For our recommendation system we will try to suggest task requests that are closest to the user's past completed tasks with a fallback option, that is, if the worker hasn't completed any tasks yet we will try to match the task requests closest to his experience description for the particular category. For this purpose we added a column in the worker_category table called experience_description. This is supposed to be the description that the worker has provided when signing up for the given category.
We will look at how both of the strategies are implemented.

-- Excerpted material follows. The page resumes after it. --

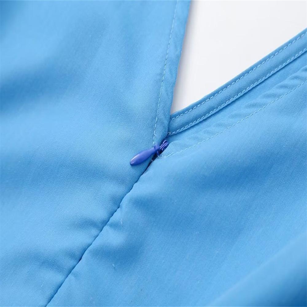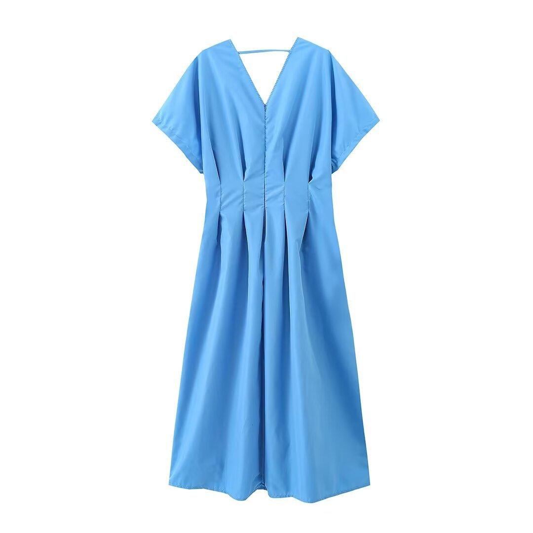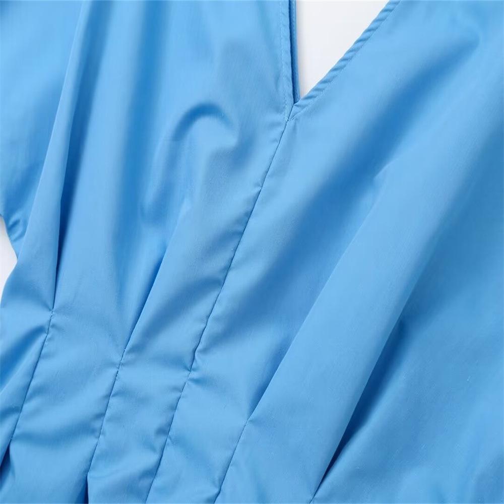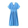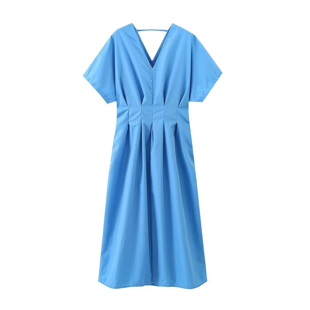 Suministro Transfronterizo Ropa de Verano para Mujer Estilo Europeo y Americano Moda Europea y Americana Elegante Cuello en V Color Puro Cintura Plisada Vestido de Bajo Amplio

1. Personalized Recommendations
This is the recommendation system that recommends open task requests to workers that have the most similar completed tasks. For this purpose we first embedded the open task requests and then as a starting point for our system we embedded three task requests that resulted in a completed task for each worker. We found this number of tasks enough as a starting point for our app. We built these embeddings with the script embed_taskrequests.py and we used a table to store these vectors:
CREATE TABLE task_request_embeddings (
task_request_id INT PRIMARY KEY
REFERENCES TaskRequest(id)
ON DELETE CASCADE
ON UPDATE CASCADE,
embedding vector(384) NOT NULL,
embedded_at TIMESTAMP NOT NULL
DEFAULT CURRENT_TIMESTAMP
);
Once we embedded all the task requests we needed — the completed ones so we can build the worker profiles and the open ones so we can recommend them — we continued with making the worker recommendation profiles. We did this with a Python script embed_worker_profiles.py and we stored them in the table:
CREATE TABLE worker_recommendation_profiles (
worker_id INT PRIMARY KEY
REFERENCES Worker(id)
ON DELETE CASCADE,
preference_embedding vector(384),
updated_at TIMESTAMP NOT NULL
DEFAULT CURRENT_TIMESTAMP
);
With all this done, we are ready to compare the worker recommendation profile embeddings with the open task request ones and build the worker feed. We did this with the function recommend_task_requests_for_worker:
CREATE OR REPLACE FUNCTION
recommend_task_requests_for_worker
(
p_worker_id BIGINT,
p_limit INT DEFAULT 50
)
RETURNS TABLE
(
task_request_id BIGINT,
distance DOUBLE PRECISION,
recommendation_type TEXT
)
LANGUAGE plpgsql
AS $$
BEGIN
IF EXISTS
(
SELECT 1
FROM worker_recommendation_profiles wrp
WHERE wrp.worker_id = p_worker_id
AND wrp.preference_embedding IS NOT NULL
)
THEN
RETURN QUERY
SELECT
tr.id::BIGINT,
tre.embedding
<=>
wrp.preference_embedding
AS distance,
'PERSONALIZED'::TEXT
FROM TaskRequest tr
JOIN task_request_embeddings tre
ON tre.task_request_id = tr.id
JOIN worker_recommendation_profiles wrp
ON wrp.worker_id = p_worker_id
WHERE
tre.embedding IS NOT NULL
AND tr.id NOT IN
(
SELECT
o.task_request_id
FROM Offer o
WHERE
o.worker_id = p_worker_id
)
ORDER BY
distance ASC
LIMIT
p_limit;
ELSE
RETURN QUERY
SELECT
tr.id::BIGINT,
tre.embedding
<=>
wce.embedding
AS distance,
'CATEGORY_BASED'::TEXT
FROM TaskRequest tr
JOIN taskrequestvectorv3 tre
ON tre.task_request_id = tr.id
JOIN WorkerCategory wc
ON wc.worker_id = p_worker_id
JOIN workercategoryvectorv3 wce
ON wce.worker_category_id = wc.id
WHERE
tre.embedding IS NOT NULL
AND tr.id NOT IN
(
SELECT
o.task_request_id
FROM Offer o
WHERE
o.worker_id = p_worker_id
)
ORDER BY
distance ASC
LIMIT
p_limit;
END IF;
END;
$$;
For faster search we used the indexes:
CREATE INDEX IF NOT EXISTS idx_task_request_embeddings_hnsw ON task_request_embeddings USING hnsw ( embedding vector_cosine_ops ); CREATE INDEX IF NOT EXISTS idx_worker_category_embeddings_hnsw ON workercategoryvectorv3 USING hnsw ( embedding vector_cosine_ops );
We can now use:
SELECT * FROM recommend_task_requests_for_worker(19, 100);
to get the recommended 100 task requests for the worker with worker_id = 19.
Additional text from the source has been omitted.